Cloud Run troubleshooting compendium: causes and fixes for start failures, 503/504, OOM (exit 137), cold starts, and deploy failures

Cloud Run errors, once you read the message correctly, narrow the cause almost uniquely. Conversely, tweaking settings "on a hunch" sinks you into a quagmire. This article organizes common production errors by the exact message in the official documentation and shows the cause and fix in the shortest path. It aims to let someone who "googled cloud run container failed to start" solve it and leave on that page.

For prevention so you don't hit them at the design stage, see the Cloud Run production-operations guide; for cold-start and cost optimization, the concurrency & billing guide.

First, diagnosis: a two-pronged logs and local reproduction

Before getting into individual errors, decide on the two things you do first for any problem.

# 1. リビジョンのログを見る（エラーの一次情報はここ）
gcloud run services logs read api --region asia-northeast1 --limit 100

# 2. ローカルで本番と同じ条件を再現する（PORTを注入して起動するか？）
docker run --rm -e PORT=8080 -p 8080:8080 \
  asia-northeast1-docker.pkg.dev/PROJECT_ID/app/api:TAG
# → http://localhost:8080 に到達できなければ、本番でも起動しない

"Does it start locally with -e PORT=8080" — this alone reproduces and solves most start-related errors at hand. Cloud Logging shows the app's stdout/stderr as-is, so if you emit structured logs, cause-tracing gets faster (observability design).

Error 1: Container failed to start (most frequent)

Container failed to start. Failed to start and then listen on the port defined by the PORT environment variable.

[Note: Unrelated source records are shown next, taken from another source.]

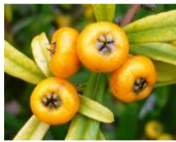
橘擬(タチバナモドキ)の実
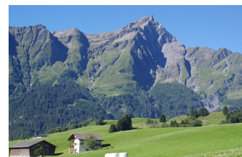
Piz Beverin vom Heinzenberg gesehen
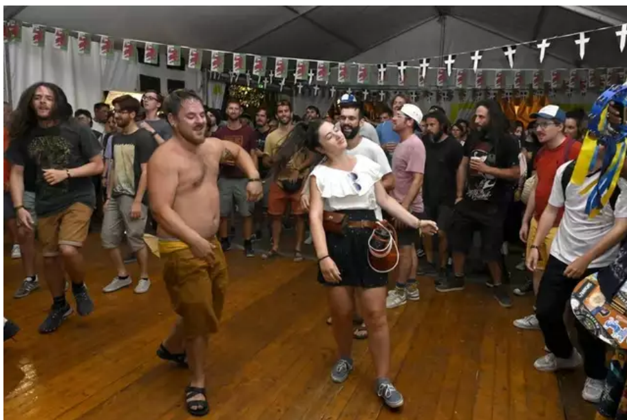
Plusieurs scènes chapiteaux : ici le feu près de la restauration galicienne emporté par le rock gallois d'Alffa.

Nos amis Asturiens étaient à l'honneur cette année, pour la 51 e édition. Et ils n'ont pas failli à leur réputation. Sous une chaleur digne du Sud de l'Europe, le pavillon des Asturies n'a pas désempi et les soirées furent festives.
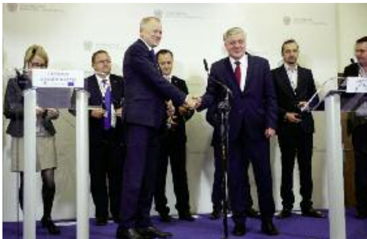
Spotkanie Ministrów Rolnictwa oraz Głównych Lekarzy Weterynarii 12 krajów z Komisarzem UE do spraw zdrowia i bezpieczeństwa żywności

Jest on związany ze skutkami rynkowymi stosowania restrykcji weterynaryjnych z uwagi na ASF. Polska podejmuje działania mające na celu zahamowanie rozprzestrzeniania się wirusa, co nie jest łatwe m.in. w związku z bliskością Białorusi i Ukrainy, gdzie jest on szeroko rozpowszechniony. Dlatego też wnioskowano o wykorzystanie wszystkich możliwych form wsparcia z budżetu UE rozwoju obszarów wiejskich i weterynaryjnych, celem ograniczenia skutków zaistniałej sytuacji. Wsparcie obejmowałoby m. in.: rekompensowanie
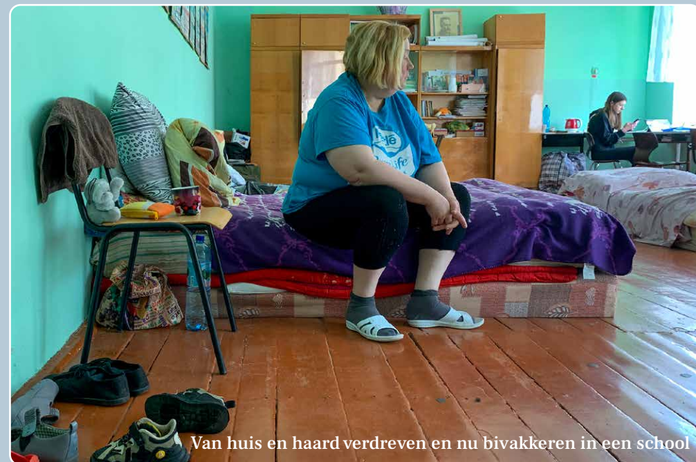
Van huis en haard verdreven en nu bivakkeren in een school
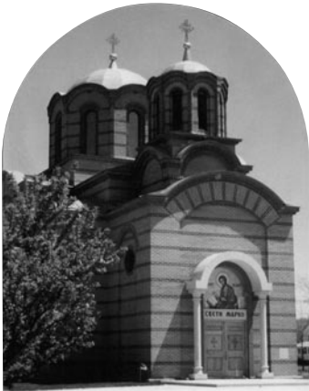
Слика 4 - Црква Светог апостола Марка у Лорену
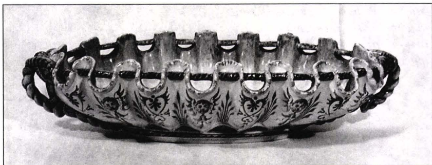
Jardinieră Ginori, gen Torelli, décor “a raffaellesche”, execuție XIX 4/4, în stil sec. XVI; Forma godronată amintind de cochilie, finețea desenului și ajurul bordurii trimit către unele modele consacrate ale porțelanului sec. al XVIII-lea.

Faianța italiană trece în a doua jumătate a sec. al XVIII-lea și prima jumătate a sec. al XIX-lea, la imitarea tehnicii și motivelor decorative ale porțelanului german, cu scene galante sau de gen, peisaje inspirate după pictura de șevalet, ori așa numitele “flori naturale”, ilustrate prin piesele de Torelli,
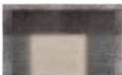
12 LANDFIELD "STARDUST" TEPPICH CM 500X300
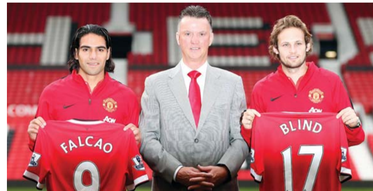
فالكاو عند تقديمه وداني بليد إلى وسائل الإعلام (رويترز)
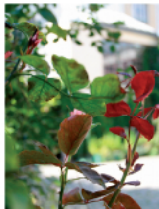
Attention, ça pique...

Les plantes ont besoin d'eau pour s'épanouir et rester en vie, moi j'ai besoin de mon insuline. Sans elle je me ferais si je ne suis ni trop malade et passant je m'écroule. Lorsque je suis bien, j'équilibre, je respire.
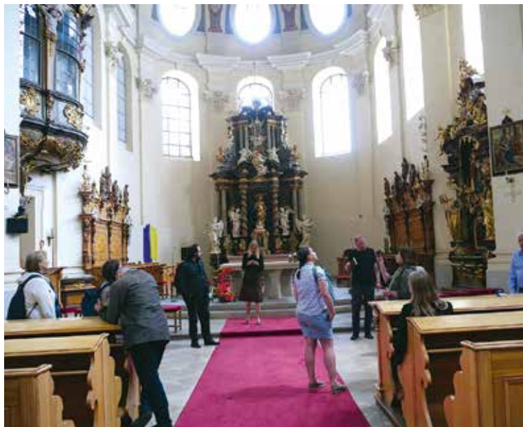
BŘEVNOVSKÝ klášter je spojený s patronem českého národa sv. Vojtěchem, prvním pražským biskupem.
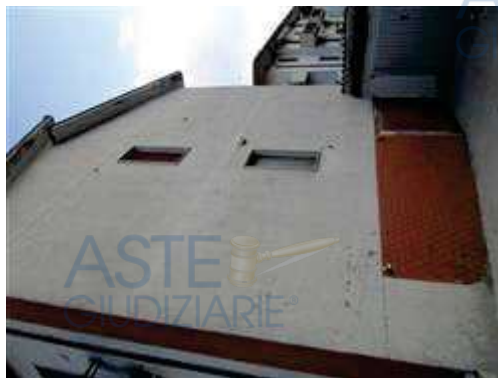
vista esterna con ingresso murato
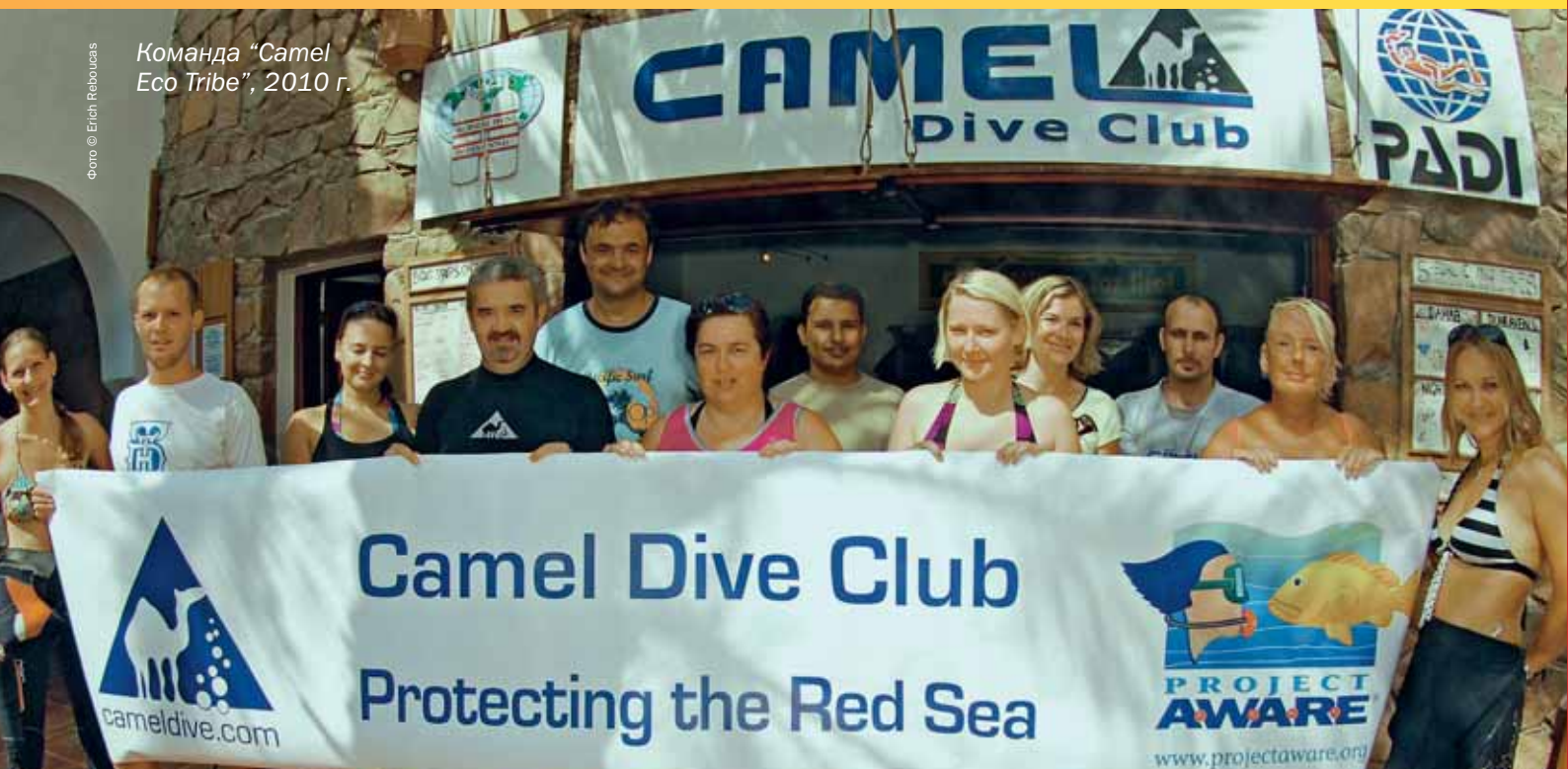
Команда “Camel Eco Tribe”, 2010 г.

The most frequent error, appearing right after deploy. Cloud Run judged "I started the container, but it doesn't listen on $PORT."

Causes and fixes:

Not listening on $PORT at 0.0.0.0 (most common). Fixed to localhost/127.0.0.1, or the port is hardcoded.

# ✗ 悪い例：127.0.0.1 / ポート固定 → Cloud Runから到達できず起動失敗
uvicorn.run(app, host="127.0.0.1", port=3000)

# ✓ 正しい例：0.0.0.0 で、PORT環境変数を読む
import os
uvicorn.run(app, host="0.0.0.0", port=int(os.environ.get("PORT", "8080")))

Not built for 64-bit Linux. Prone to happen when using an image built locally on Apple Silicon (arm64) as-is. Build multi-arch, or specify --platform linux/amd64.

docker build --platform linux/amd64 -t IMAGE_URL .

The startup processing itself fails (waiting on a dependency-service connection at startup and timing out, an exception from missing config). Don't do heavy synchronous initialization or external connections in a blocking way at startup. Check whether an exception appears in the log. If startup is truly slow, widen the startup probe's failure_threshold × period_seconds.

Error 2: memory overrun / exit 137 (OOM)

... the container instance was found to be using too much memory and was terminated. (the container's exit code is 137)

OOM-Killed for exceeding the allocated memory. Note that Cloud Run's writable file system is in-memory, so what you write eats memory.

Causes and fixes:

Insufficient memory allocation → increase it to match the peak (but blindly increasing raises cost; judge by metrics).

gcloud run services update api --region asia-northeast1 --memory 1Gi

Writes to the in-memory FS (large temp files, logging to local) → keep temporary data small, or stream to Cloud Storage. Logs to stdout, not files.
Memory leak (accumulation of connections/buffers) → fix the leak. Check whether you hold large objects between requests.

My malware scanner handled material up to 10GiB, so it scanned by streaming without buffering to avoid memory exhaustion. A design that "loads everything into memory before processing" is especially dangerous on serverless. Process large data by streaming.

Error 3: 503 Service Unavailable

The request was aborted because there was no available instance.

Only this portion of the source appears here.